I'm using the Adafruit_MCP3008.h library to interface with the ADC, however I'm getting a weird problem on some of my boards but not others: when I start the SPI with adc.begin(), the LED attached to pin 13 on my Teensy will light up. This is occurring on 3 out of 5 of my boards. The ADC seems to be functioning just fine and I am getting readings with adc.readADC(). However I don't want the LED to light up because it will drain the battery.
If I reflash with Blink firmware then the LED flashes normally.
Does anyone have any idea what might be causing this?
Thanks.
 
You haven't posted your code.

Can you confirm the boards are identical, programmed identically? Normally the quiescent SCLK will be determined by the
SPI mode in use.

Are you expecting the tiny LED on the pcb to consume significant power compared to the rest of the T4.1?
 
Thanks Mark,

The code is over 500 lines and proprietary, but I have found that commenting out the adc.begin() stops the LED turning on. I can also turn the light off by manually setting pin 13 LOW (which breaks SPI, obviously).

From this standpoint, I'm just wondering is it normal for the SCK signal to light up the LED? And if so, why is it happening on some of my boards and not others?

This thread seems to indicate that it is normal, with the SCK behaving somewhat like a PWM.

The boards are identical copies from the same PCBway run, each with its own Teensy soldered on, programmed identically. The LED will consume some power and it's a battery powered application, so I would prefer it off. But far more importantly, I just really need to understand what's going on here. Is this normal?
 
If the boards are identical and programmed identically I would expect the LEDs to light identically.
Yes the pin drives the LED so it will light up when there's activity. LEDs light up in nanoseconds, no
problem following a logic signal. Its possible different LEDs might have different turn-off delays
perhaps that explains a difference in brightness?

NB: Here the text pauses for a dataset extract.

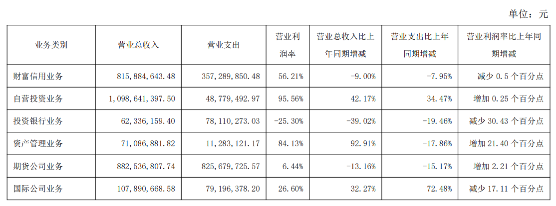 期货业务期内收入8.83亿元,同比减少13%,营收占比也较去年同期减少4个百分点至28.7%。

You know the Teensy 4 pulls a lot of current, will dwarf the LED few mA I suspect.
 
Thanks all. Looks like this is normal behaviour

This is due to the Teensy using the same pins for Arduino UNO, which had the SPI clock pin (13) on the same pin as the LED. The first Serial port (pins 0/1) and the I2C bus (18/A4 and 19/A5) are also the same. Having the clock pin be the same as the LED, doesn't interfere with SPI transfers, but it does cause the LED to blink rapidly.